**Exercise directions:** In the records that follow, skip the pictures and print everything else exactly.

↓↓↓

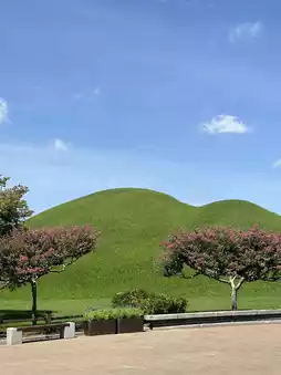 Daereungwon, with its lush greenery and the stunning combination of pink crepe myrtle trees, was absolutely breathtaking. It was my first proper summer visit to Gyeongju, and I never imagined the pink waves of crepe myrtle trees could be this beautiful. The harmony of the vibrant green mounds and the flowers was so picturesque that just strolling around felt delightful, and taking photos made it even more magical!
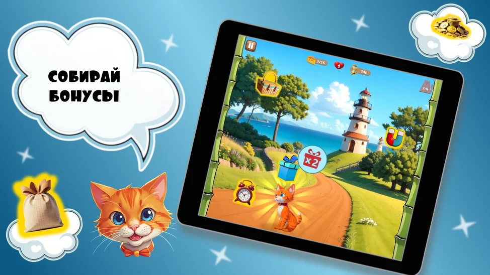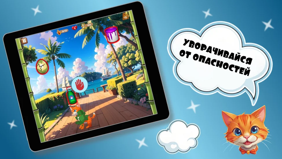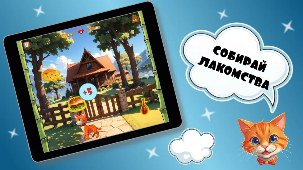 Ловкий Рыжик — это увлекательная игра, которая подарит Вам массу удовольствия и ярких эмоций! Супер кот Рыжик отправляется в потрясающее путешествие по миру, ловя падающую еду и уворачиваясь от опасных предметов. При прохождении игры Ваша задача - помочь питомцу исследовать мир, собирая вкусняшки и избегая препятствий. Вы отправитесь в путешествие по разным местам и будете открывать новые виды лакомств. Но будьте осторожны, так как мир полон опасностей, которые могут навредить вашему рыжему другу. Вам нужно быть быстрым и ловким, чтобы обезопасить своего котика. Благодаря милой графике и захватывающему геймплею, это приложение идеально подходит для всех, кто любит еду и интересные игры про кошек. Так что не стоит ждать, помогите своему голодному рыжему коту поймать все вкусняшки, которые он сможет найти на своем пути!
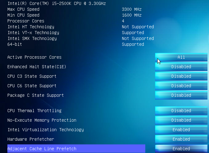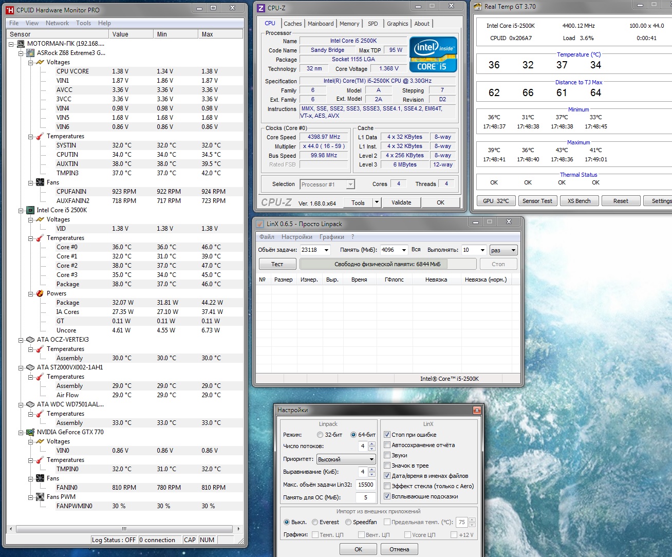 Ребят, неделю уже мурыжу и мурыжу свой 2500К, вот совсем уже отчаялся, помогите советом. Вообщем есть ASRock Z68 Extreme3 Gen3 c версией биоса 2.30 и есть 2500К. Работал он почти два года на дефолтных auto настройках биоса, тогда еще 1.30, со скоростью 4ГГц. И вот сидел я на новогодних каникулах и приспичило мне разогнать его поболя, так сказать. на 1.30 он завелся на 4.5ГГц и прошел все тесты LinX, со всякими настройками и разной продолжительностью - вообщем был стабилен(сколько Vcore ставил - не помню уж) И стремление к прогрессу побудило меня прошить биос до 2.30(будь он проклят). И теперь не хочет ни в какую мой Core i5 проходить линпак даже на 4.3ГГц - постоянно BSOD`ы после 3-4 ого прохода, с ошибками 114, 101, 3b. А с настройками биоса я как только не извращался. Скрины некоторых из настроек биоса я вложил и подписал как я с ними манипулировал. При чем в разных вариациях. Парни - что еще можно выкрутить? Или можно писать каким то макаром в ASRock и клянчить микросхему со старым биосом? И еще: не жестковаты ли настройки Linx? Приоритет может надо выставить "Нормальный" ???
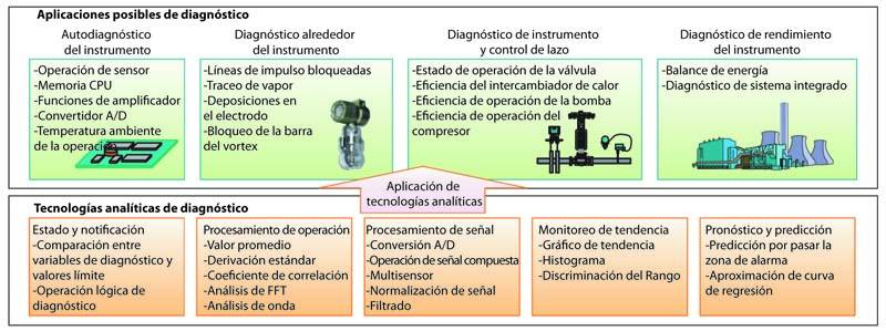 Figura 2. Aplicaciones y tecnologías de diagnóstico analíticoUn instrumento de campo es responsable de medir el valor físico y la composición química de los elementos en una planta, tales como temperatura, presión, caudal, acidez y concentración, y para proveer la información de medición al sistema de control de la planta. Se requiere un instrumento de campo equipado con funciones de comunicación digitales, tales como bus de campo, para proveer muchas de las funciones que se muestran en la figura 2, además de las precisión y rango de medición, la resistencia ambiental o el costo de la eficiencia. Específicamente, los usuarios requieren que un instrumento de campo para proveer soporte al mantenimiento y seguridad de las operaciones de planta, que provea información basada en los resultados de auto diagnóstico del propio instrumento, del campo a su alrededor, del equipamiento, del lazo de control, y cosas similares. Es necesario obtener información de diagnóstico basada en la información multifuncional de los transmisores de bus de campo existentes, en lugar de instalar nuevos sensores. Algoritmos de diagnóstico
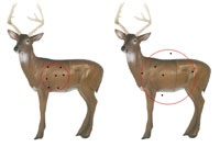 Bei 3-D-Tieren sollte man ein Gefühl dafür entwickeln, wie groß der Streukreis auf bestimmte Entfernungen ist. Dann sind auch nicht so gut geglückte Schüsse noch akzeptabel. Muss ich auf einen kleinen Hirsch auf 25 Meter schießen, überlege ich zuerst, wie groß könnte mein Streukreis sein. Komme ich zum Schluss, das er im Durchmesser größer, als das Tier hoch ist, muss ich damit rechnen, dass ein Pfeil daneben geht. Die Wahrscheinlichkeit, dass ich ihn mit dem 2. Pfeil treffe, ist allerdings sehr hoch.

↑↑↑

**Problem solution:**
 Daereungwon, with its lush greenery and the stunning combination of pink crepe myrtle trees, was absolutely breathtaking. It was my first proper summer visit to Gyeongju, and I never imagined the pink waves of crepe myrtle trees could be this beautiful. The harmony of the vibrant green mounds and the flowers was so picturesque that just strolling around felt delightful, and taking photos made it even more magical!
 Ловкий Рыжик — это увлекательная игра, которая подарит Вам массу удовольствия и ярких эмоций! Супер кот Рыжик отправляется в потрясающее путешествие по миру, ловя падающую еду и уворачиваясь от опасных предметов. При прохождении игры Ваша задача - помочь питомцу исследовать мир, собирая вкусняшки и избегая препятствий. Вы отправитесь в путешествие по разным местам и будете открывать новые виды лакомств. Но будьте осторожны, так как мир полон опасностей, которые могут навредить вашему рыжему другу. Вам нужно быть быстрым и ловким, чтобы обезопасить своего котика. Благодаря милой графике и захватывающему геймплею, это приложение идеально подходит для всех, кто любит еду и интересные игры про кошек. Так что не стоит ждать, помогите своему голодному рыжему коту поймать все вкусняшки, которые он сможет найти на своем пути!
 Ребят, неделю уже мурыжу и мурыжу свой 2500К, вот совсем уже отчаялся, помогите советом. Вообщем есть ASRock Z68 Extreme3 Gen3 c версией биоса 2.30 и есть 2500К. Работал он почти два года на дефолтных auto настройках биоса, тогда еще 1.30, со скоростью 4ГГц. И вот сидел я на новогодних каникулах и приспичило мне разогнать его поболя, так сказать. на 1.30 он завелся на 4.5ГГц и прошел все тесты LinX, со всякими настройками и разной продолжительностью - вообщем был стабилен(сколько Vcore ставил - не помню уж) И стремление к прогрессу побудило меня прошить биос до 2.30(будь он проклят). И теперь не хочет ни в какую мой Core i5 проходить линпак даже на 4.3ГГц - постоянно BSOD`ы после 3-4 ого прохода, с ошибками 114, 101, 3b. А с настройками биоса я как только не извращался. Скрины некоторых из настроек биоса я вложил и подписал как я с ними манипулировал. При чем в разных вариациях. Парни - что еще можно выкрутить? Или можно писать каким то макаром в ASRock и клянчить микросхему со старым биосом? И еще: не жестковаты ли настройки Linx? Приоритет может надо выставить "Нормальный" ???
 Figura 2. Aplicaciones y tecnologías de diagnóstico analíticoUn instrumento de campo es responsable de medir el valor físico y la composición química de los elementos en una planta, tales como temperatura, presión, caudal, acidez y concentración, y para proveer la información de medición al sistema de control de la planta. Se requiere un instrumento de campo equipado con funciones de comunicación digitales, tales como bus de campo, para proveer muchas de las funciones que se muestran en la figura 2, además de las precisión y rango de medición, la resistencia ambiental o el costo de la eficiencia. Específicamente, los usuarios requieren que un instrumento de campo para proveer soporte al mantenimiento y seguridad de las operaciones de planta, que provea información basada en los resultados de auto diagnóstico del propio instrumento, del campo a su alrededor, del equipamiento, del lazo de control, y cosas similares. Es necesario obtener información de diagnóstico basada en la información multifuncional de los transmisores de bus de campo existentes, en lugar de instalar nuevos sensores. Algoritmos de diagnóstico
 Bei 3-D-Tieren sollte man ein Gefühl dafür entwickeln, wie groß der Streukreis auf bestimmte Entfernungen ist. Dann sind auch nicht so gut geglückte Schüsse noch akzeptabel. Muss ich auf einen kleinen Hirsch auf 25 Meter schießen, überlege ich zuerst, wie groß könnte mein Streukreis sein. Komme ich zum Schluss, das er im Durchmesser größer, als das Tier hoch ist, muss ich damit rechnen, dass ein Pfeil daneben geht. Die Wahrscheinlichkeit, dass ich ihn mit dem 2. Pfeil treffe, ist allerdings sehr hoch.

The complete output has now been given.